Judge Rosenbaum expanded on the dissenting opinion by retired Judge Beverly Martin (also an Obama appointee), providing a lengthy critique of the panel majority opinion and the “concurring” opinion that was written by Judge Britt Grant. Judge Rosenbaum rejected the panel majority’s characterization of conversion therapy as just “conversation” and “not medical at all,” noting that the local laws applied only to licensed practitioners who were regulated by the state and used talk therapy to provide a professional service. She also challenged the plaintiffs’ assertion that such treatment is necessarily voluntary and consensual, observing that minors are frequently forced to submit to conversion therapy by their families, upon whom they are totally dependent.

“States have long been able to constitutionally require their licensed healthcare providers to comply with the standard of care to maintain their licenses,” she pointed out, and this extends to licensed practitioners — psychologists and counselors — who use speech to provide their therapy. “The states’ police power to protect the public health and safety would mean little if the healthcare professionals they license — thereby giving their stamp of approval — could regularly practice substandard care and inflict serious harm and even death on their clients without even a reprimand.”

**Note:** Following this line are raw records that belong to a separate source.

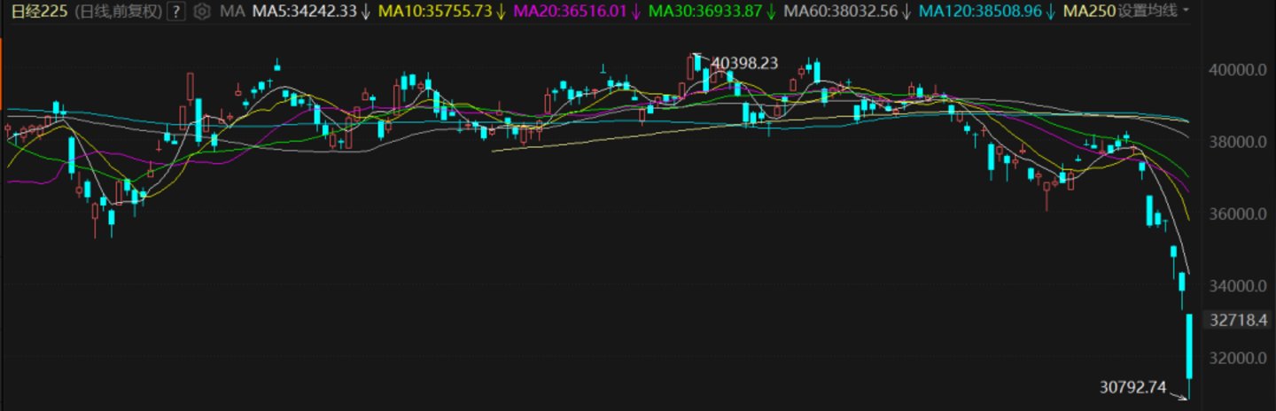 亚太市场方面,日经225指数期货、东证指数期货在触及跌停板后暂停交易。日经225指数盘中跌超8%。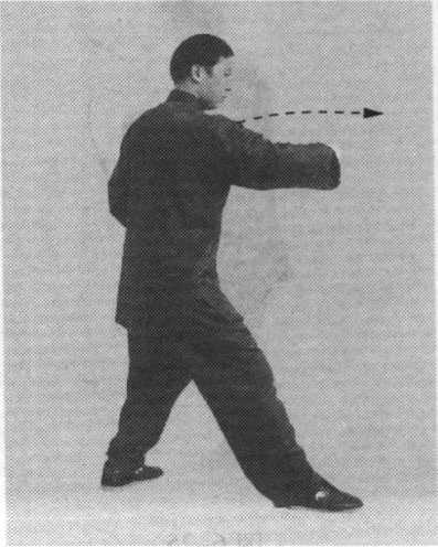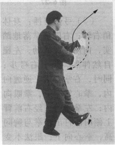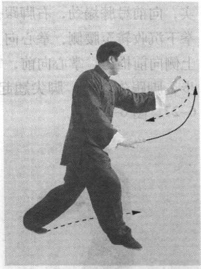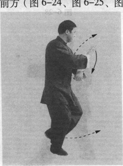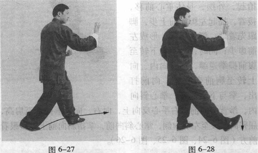 图 6-24(1)进步搬捶:身体稍右 转;右腿弓膝塌劲,右脚尖外 摆,随之,左腿屈膝,左脚跟 抬起,外摆,身体重心前移, 接着,提起左脚向前上步,脚 跟先着地,脚尖翘起,形成左 前虚步;同时,左手向下转至 腹前握拳逆缠,屈臂向内、向 上转至胸前变顺缠,向前打 出,拳与下颌同高,拳心斜向 内,拳背斜向前;右手心反向上,向右、向上画弧转至肩高, 屈臂向内按至左肘内侧,掌心斜向前,掌指斜向前上方;眼看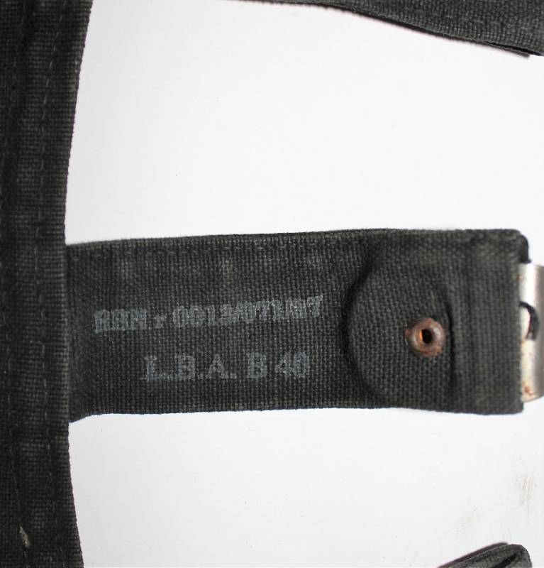 Tascapane della LW in tela color blu, completo di cinghiaggio, il tutto in buone condizioni, marcato con RBN n... e L.B.A. 40. Originale 100% WWII periodo.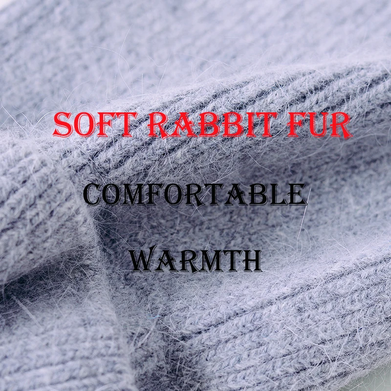 Зимние вязаные облегающие шапки, женская шапка из кроличьего меха, ...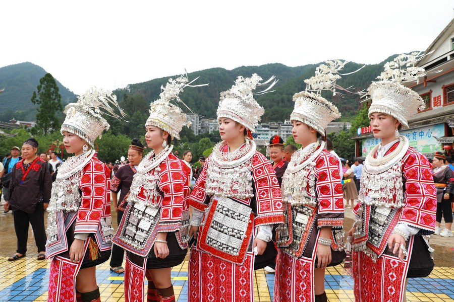 People of Miao ethnic group take part in the celebration of "Liuyueliu", an ethnic festival, in Jianhe County of Qiandongnan Miao and Dong Autonomous Prefecture, southwest China's Guizhou Province, July 23, 2023. (Xinhua/Yang Wenbin)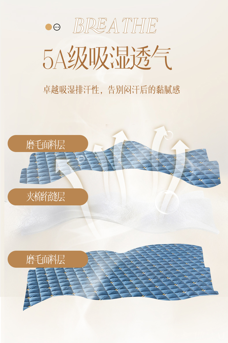 150x200cm+15cm单床笠-五层夹棉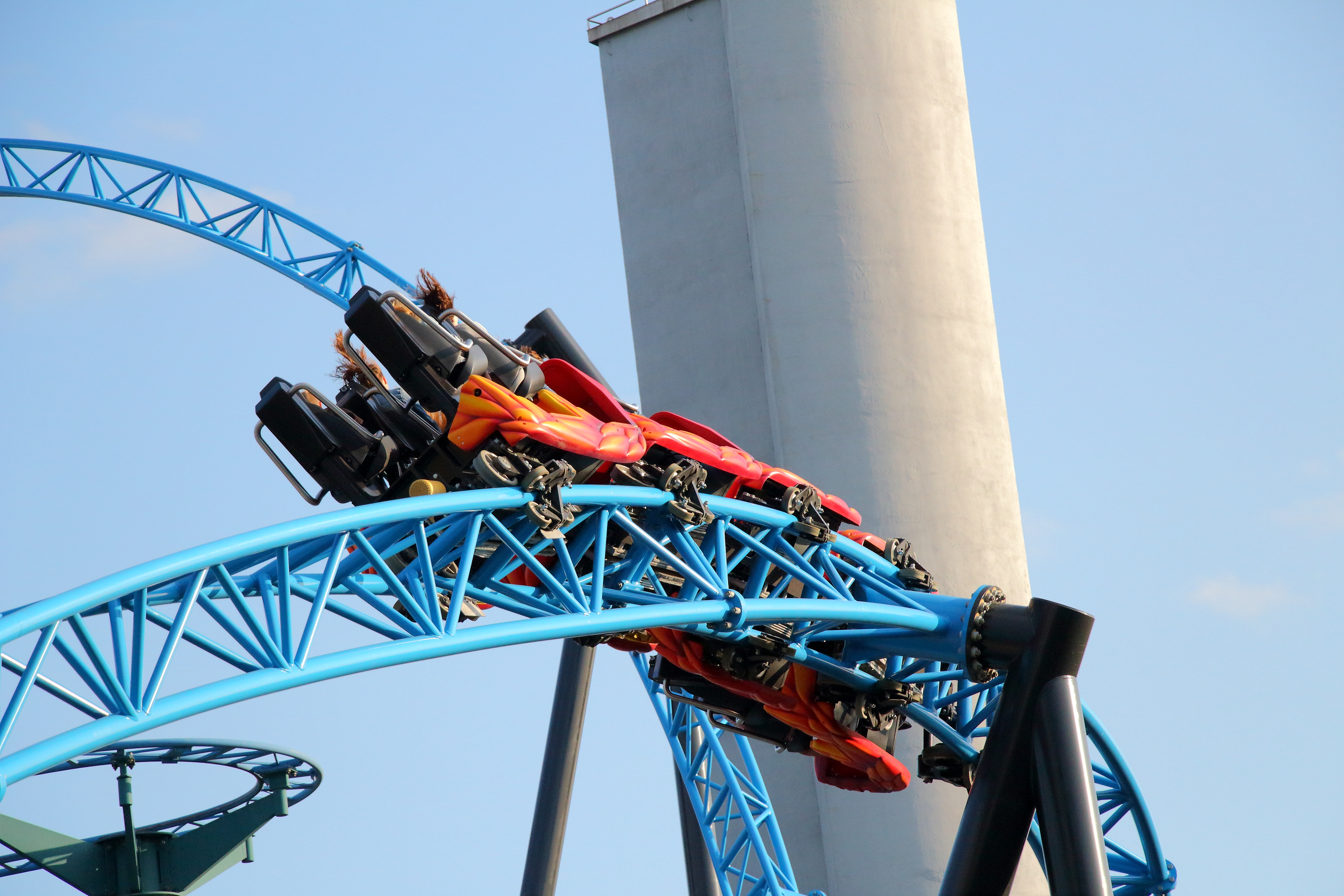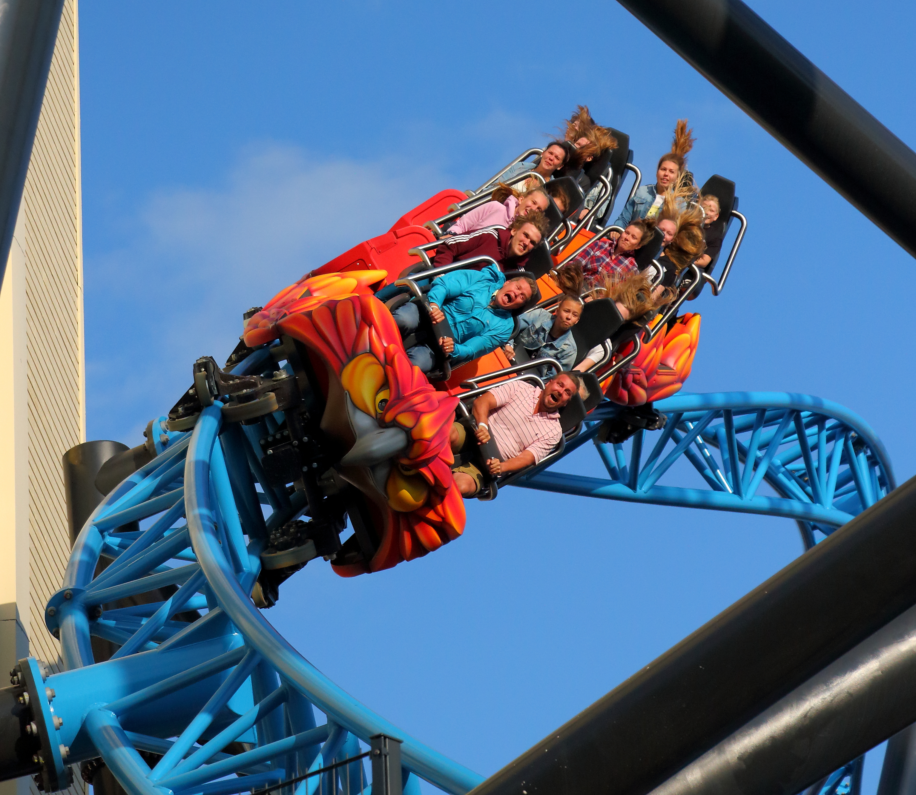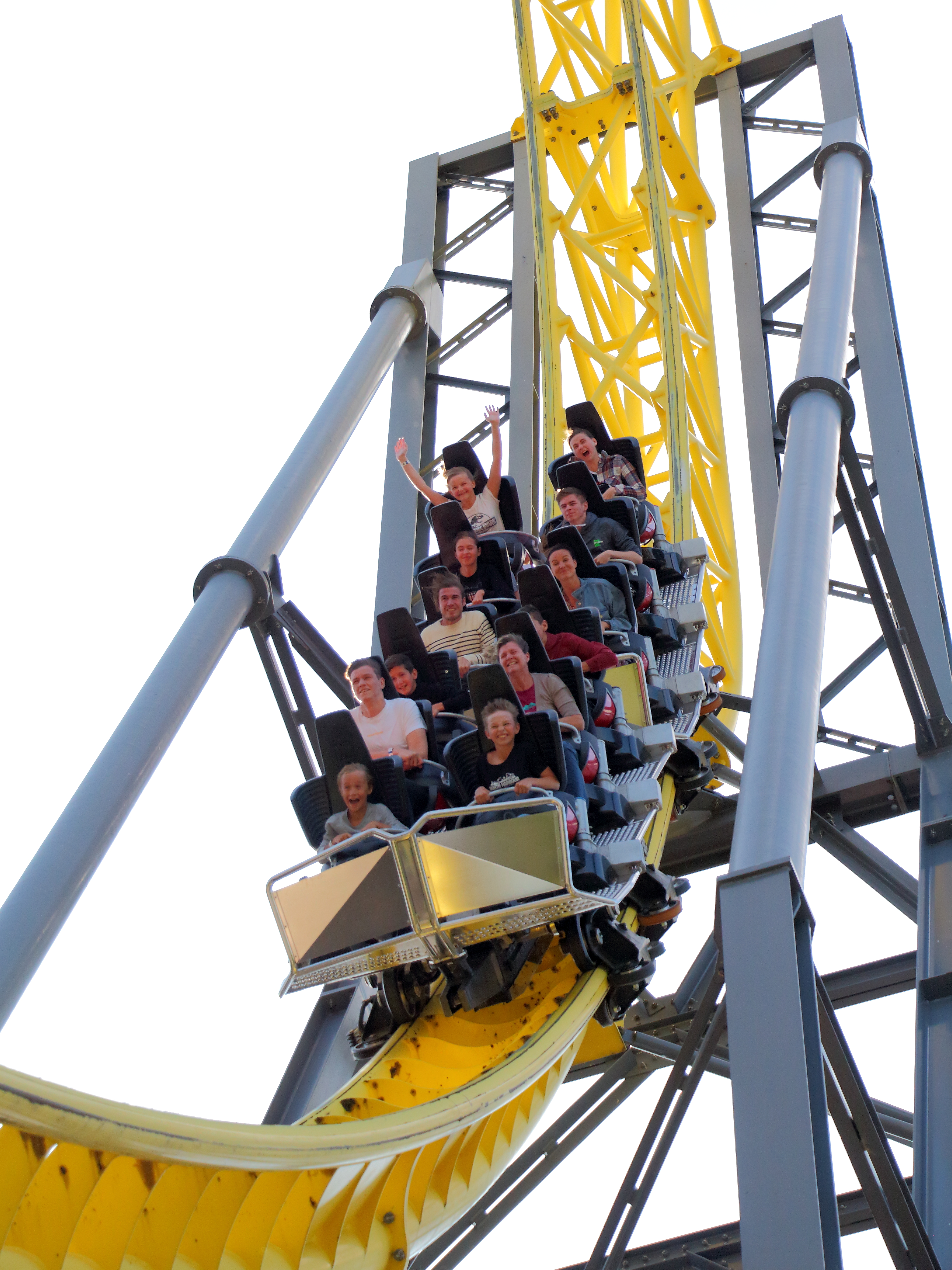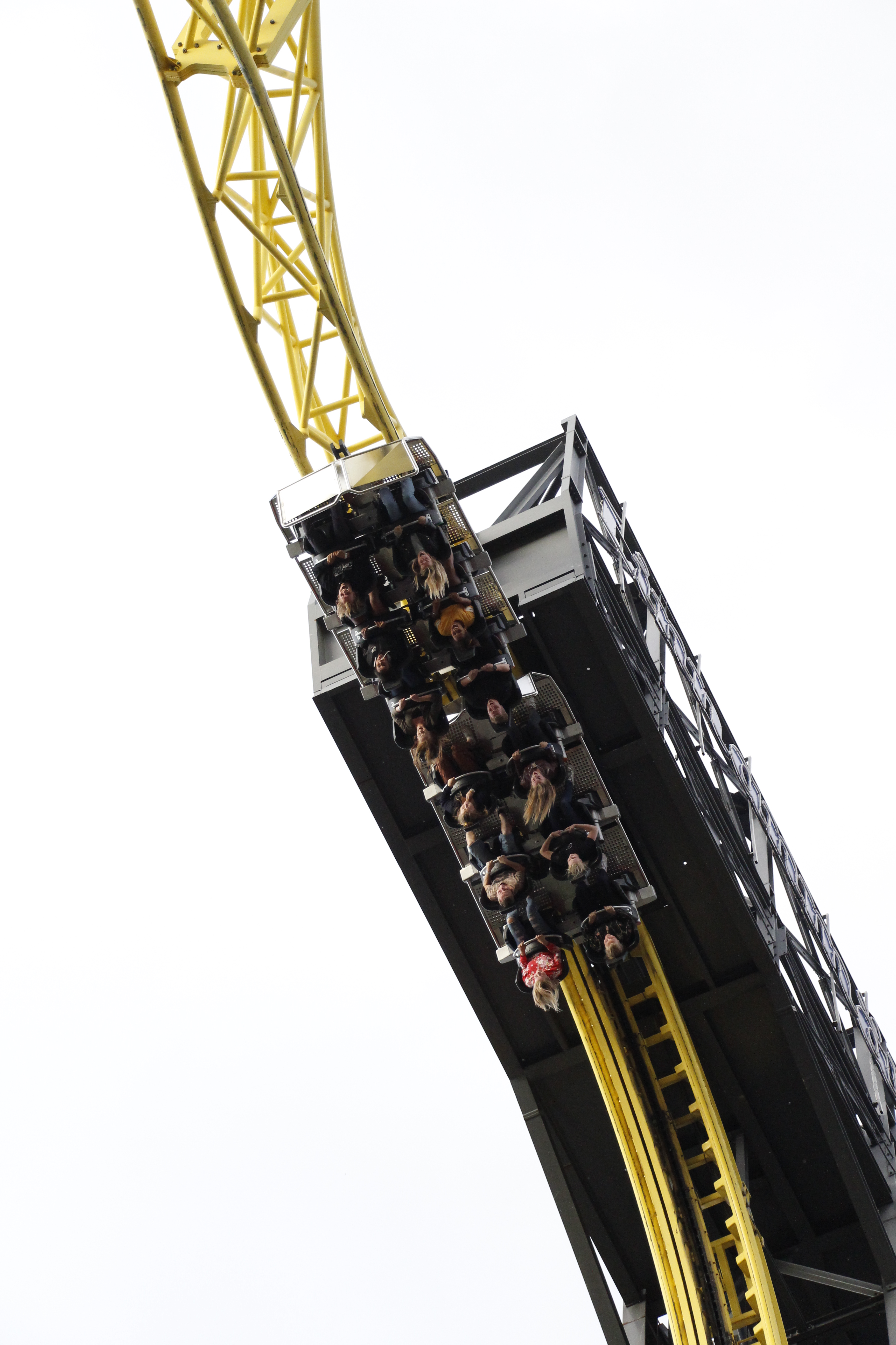 Wenn auch im Vergleich zu Insane leider schon die erste Abfahrt ausgebremst wird. Trotzdem immer wieder lustig auf die verschwindende Schiene zuzufahren, wenn auch der freie Fall nicht so krass wie erwartet ausfällt.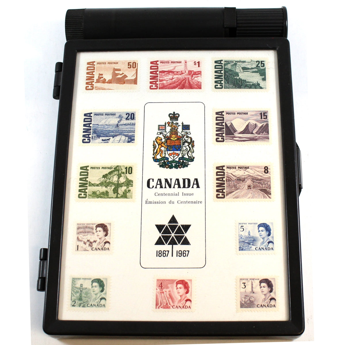 1967 Canada Centennial Stamp Box with 12x Regular Issue Postage Stamps (Issues)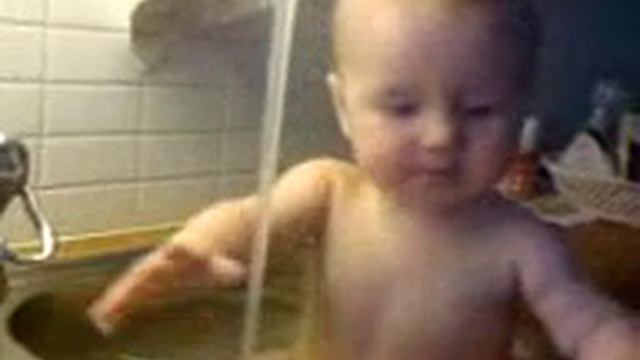 I Badar i diskhon - Försöker fånga vattnet.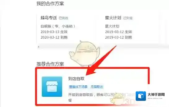 3、进入门店与饿了么平台的现合作方案页面,点击“到店自取”。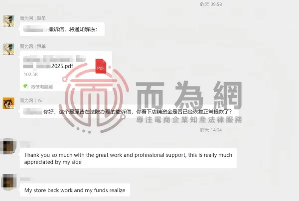 客户起初非常焦虑,但在与我们团队沟通的过程中,逐渐建立了信任。仅用一晚时间,客户便决定委托我们全面处理此案。而为网迅速指导客户完成店铺资料的整理与提交,并即刻启动案件处理流程。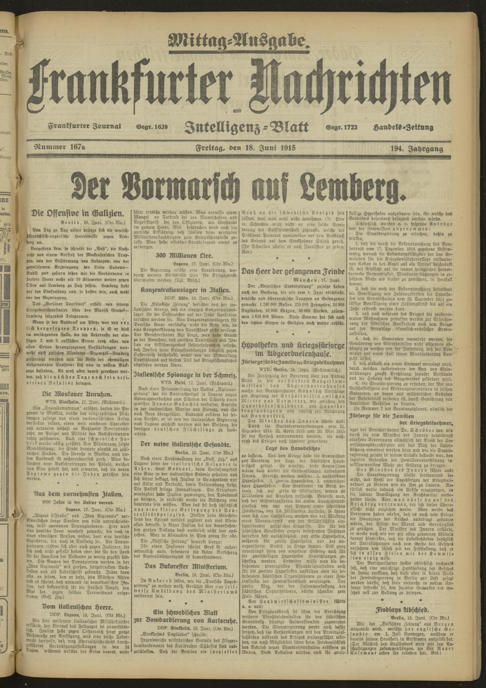 18.06.1915 Mittag-Ausgabe = Nr. 167 a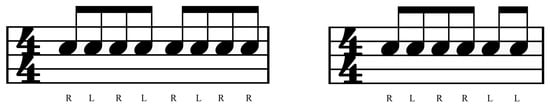In 1933, drummers in the United States organized a meeting to discuss drum instruction. Considering control, coordination, and endurance, thirteen rudiments were selected and deemed essential for any drummer to know [13]. They remain an important part of the musical language of drumming in most contexts and cultures, regardless of genre. They also remain staples in most drummers’ practice routines, as complete mastery of a rudiment is never fully achieved. The speed, clarity, and technique involved in the performance of a rudiment can be improved endlessly. While some rudiments have rhythmic dynamics, others, such as those shown in Figure 1, focus on sticking or the specific assignment of notes to the left or right hand. These exercises build coordination and help players play specific accent patterns or phrases smoothly.

Amicus briefs were filed with the court from several leading professional health care organizations, all characterizing conversion therapy as ineffective and potentially harmful to young LGBTQ people. Thus, she argued, these conversion therapy bans were intended to prevent practitioners from harming minors. “The sole purpose of administering a healthcare treatment technique — whether with a scalpel, drugs, or words — is to improve the client’s health, not to engaged in ‘social, political, and religious debates.’ And it is antithetical to that purpose for licensed professionals to engage in a practice on their young clients that has repeatedly been shown to be associated with more than doubling the risk of death and has not been shown to be efficacious. Precluding licensed healthcare professionals from subjecting their minor clients to such techniques, while not interfering at all with the professionals’ ability to discuss, debate, or advocate for those techniques, therefore does not violate the First Amendment.”

The Supreme Court grants only a tiny percentage of the petitions asking it to review decisions by lower courts, but resolving disagreements on hotly contested constitutional questions between the different circuit courts is one of its major areas of focus in deciding which cases to review. Especially in light of Justice Thomas’ comments in the California clinic case, it seems likely that the Court would take this case if the local governments petition for review. But the local governments might consider the danger of provoking the court into issuing a decision that would put an end to conversion therapy bans in numerous states and localities, and might decide strategically to litigate the case to its conclusion on the merits in the district court rather than seeking Supreme Court review at this time.